Its Bigger Than We Thought

Just when you thought it was safe to go back in the water.... well, maybe you didn't really think that, but you did think the Gulf oil spill was fading from the news spotlight. Yesterday, new video footage emerged that should remind us of the enormous impact of this environmental (and potentially economic) disaster.  The homemade video is from Alabama resident John Wathen (Hurricane CreekKeeper) taken as a volunteer pilot (Tom Hutchings) flew him over the area where the oil rig sank.  Wathen is a member of Bobby Kennedy Jr.’s environmental group and an ex-construction contractor (who looks more like a former Hells Angel than a tree hugger).  
 
Wathen spent several days filming the video showing animals in the Gulf of Mexico dying while covered in oil and tar balls. Sperm Whales, Dolphins and other sea animals can be seen suffering and dying in the Gulf of Mexico. He said many of the dolphins were already dead and the ones who weren't had their heads above water like they were looking off in the distance to where BP is currently setting collected oil on fire in an effort to burn it off. He describes the situation as "hopeless". A word he has not used in the past.

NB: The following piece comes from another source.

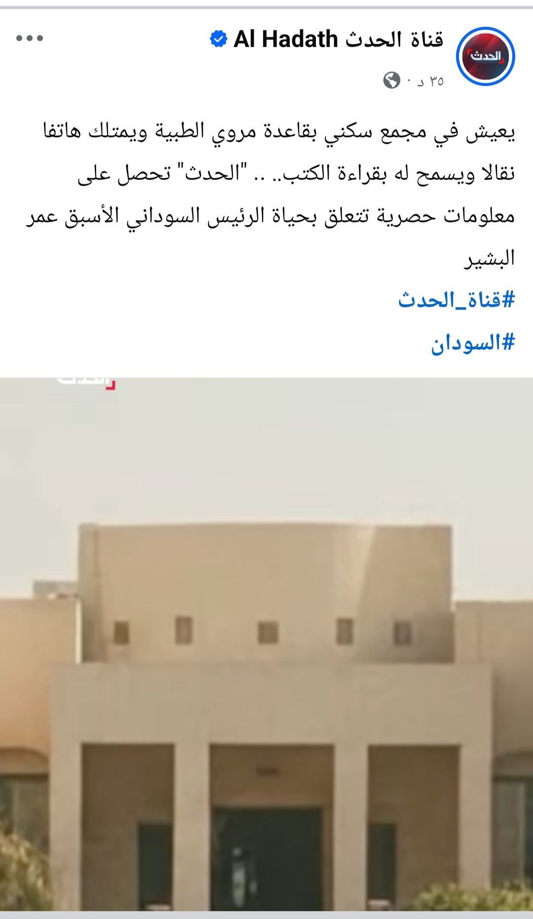 “التقرير الذي بثته قناة العربية الحدث عن مكان الرئيس السابق عمر البشير لا يتضمن أي معلومة جديدة، وأهم ماجاء فيه أن البشير برفقه عبد الرحيم والخنجر وآخرين من رموز الإنقاذ، ويمتلك هاتفاً ويطالع بعض الكتب ويتابع القنوات الفضائية ويتحرك قليلًا للرياضة. لكن الأهم، وربما الأخطر في التقرير هو تحديد مكان الإقامة وتأكيد الإحداثيات، خاصة في ظل سعي الطائرات المسيّرة التابعة لحلفاء الميليشيا للوصول إلى أي هدف له رمزية بعد خساراتهم الفادحة، وخلق فوضى أمنية في البلاد. وما نتيجة مداخلة والي غرب دارفور الراحل خميس أبكر مع إحدى القنوات الخارجية ببعيد. لذلك، على السلطات أن تعرف أنها في حـ.رب، وتتحلى بحس أمني أكبر في التعامل مع مثل هذه التقارير، والقصد منها.

This is not just an American disaster, it's an international disaster. If - or should I say, when - the spill gets into the Gulf Stream, it will be transferred to the Atlantic. That means it's going to hit the Everglades National Park in Florida, Jamaica, the Bahama Islands, Cuba...
Another potential hazard is that if the light sheen on the edge of the slick is evaporated then the oil will be rained down on the southern coast.
What’s not understandable is the risk we continue to take trusting our energy choices and our public seas to oil companies like BP
Having just returned from seeing the ruins of several of the greatest civilizations of the past, I found this video excruciatingly difficult to watch. It brought tears to my eyes. Why do great civilization fall? The history of humankind has been marked by patterns of growth and decline. Some declines have been gradual, occurring over centuries. Others have been rapid, disappearing over the course of a few years.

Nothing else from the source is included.